Cinema e letteratura continuano ad essere un vero e proprio campionario dell’animo umano, terreno fertile su cui continuare a riflettere.
Quando parliamo di psicosi non possiamo non citare immediatamente Norman Bates, indimenticabile protagonista della pellicola “Psyco” realizzata dal grande regista del brivido Alfred Hitchock.
Ispirato all’omonimo romanzo del 1959 scritto da Robert Bloch, la storia si basa sulle reali vicende del serial killer Ed Gein passato alla storia con il soprannome del “macellaio di Plainfield”.
Nel 1960, il regista britannico naturalizzato statunitense, realizza un film destinato a fare la storia del cinema che, negli anni, genererà sequel, spin-off e documentari che segneranno per sempre l’immaginario collettivo, non solo per la trama e la magistrale interpretazione di Anthony Perkins, ma soprattutto per l’attenta riproduzione su grande schermo degli intricati meccanismi della psiche umana.
“Psyco”, che tanto disturba lo spettatore a distanza di anni, si regge sul concetto di “perturbante” (unheimlich/heimlich) che costringe, inevitabilmente, a fare i conti con le proprie paure ed entrare, con tutti e due i piedi o meglio, con tutti e due gli occhi, nella mente di uomo apparentemente normale che, con cura e dedizione, gestisce il motel di famiglia.
Norman, però, non è solo il giovane premuroso e gentile che accoglie i clienti ma è un uomo affetto da una psicosi caratterizzata dal disturbo dissociativo dell’identità che lo porta a compiere gesti efferati e sconvolgenti, rendendolo una figura complessa e ricca di sfumature.
La psicosi di Norman inizia a generarsi nella sua infanzia segnata da un rapporto morboso con la madre Norma, una donna possessiva e dominante che ha instillato nel figlio una visione distorta del mondo, alimentando la sua dipendenza affettiva e non consentendogli mai di superare il complesso edipico.
Ed ecco che, quando la madre muore, la personalità di Norman, incapace di elaborare e superare il lutto, si scinde in due: da un lato il giovane premuroso, attento e gentile, dall’altro una personalità alternativa basata sul riflesso dell’immagine materna. Lo scontro tra le due parti, come in una sorta di novello e inconsapevole “Dottor Jekyll e mister Hyde” è inevitabile: la parte “malata”, però, vince manifestandosi con comportamenti sempre più ossessivi, maniacali e violenti che trovano nell’iconico omicidio sotto la doccia di Marion Crane e nella pratica ossessiva di imbalsamazione di volatili i due momenti topici. Il disturbo dissociativo di Norman lo porta a credere fermamente di essere lui la donna altre, invece, pensa che sia stata la madre a compiere quegli efferati omicidi.

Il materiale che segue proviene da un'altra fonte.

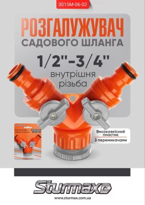 ГоловнаКаталогАксесуари для системи поливуSturmax 3015M-06-02 Розгалужувач садового шланга, вн. різьба. Y тип

La psicosi di Norman, dunque, consiste nella creazione di una nuova realtà, ovviamente distorta, necessaria alla creazione di una sua personale storia, una realtà delirante con la quale cerca di compensare un vuoto traumatico. Il delirio psicotico nel quale è immerso altro non è che una difesa attraverso la quale egli ricrea la sua realtà in un disperato tentativo di sopravvivenza.
Non è un caso, infatti, che la psicosi di Norman emerga solo quando viene a contatto con figure femminili nelle quali continua a rivedere l’immagine materna e sulle quali finisce per sfogare il suo odio represso nel tentativo di cercare di reprimere le sue pulsioni erotiche.
Azioni terribili sono quelle compiute dal protagonista di “Psyco” ma, ciononostante rimane una delle figure più tragiche e dilaniate della storia del cinema: Norman è, in primis una vittima, una figura tragica che lotta invano contro i suoi demoni interiori.
La psicosi di Norman Bates ha ispirato, e continuerà a farlo ancora per molto, opere letterarie, cinematografiche e televisive diventando proprio emblema della fragilità della psiche umana e dell’oscurità che può celerarsi dentro ogni uomo.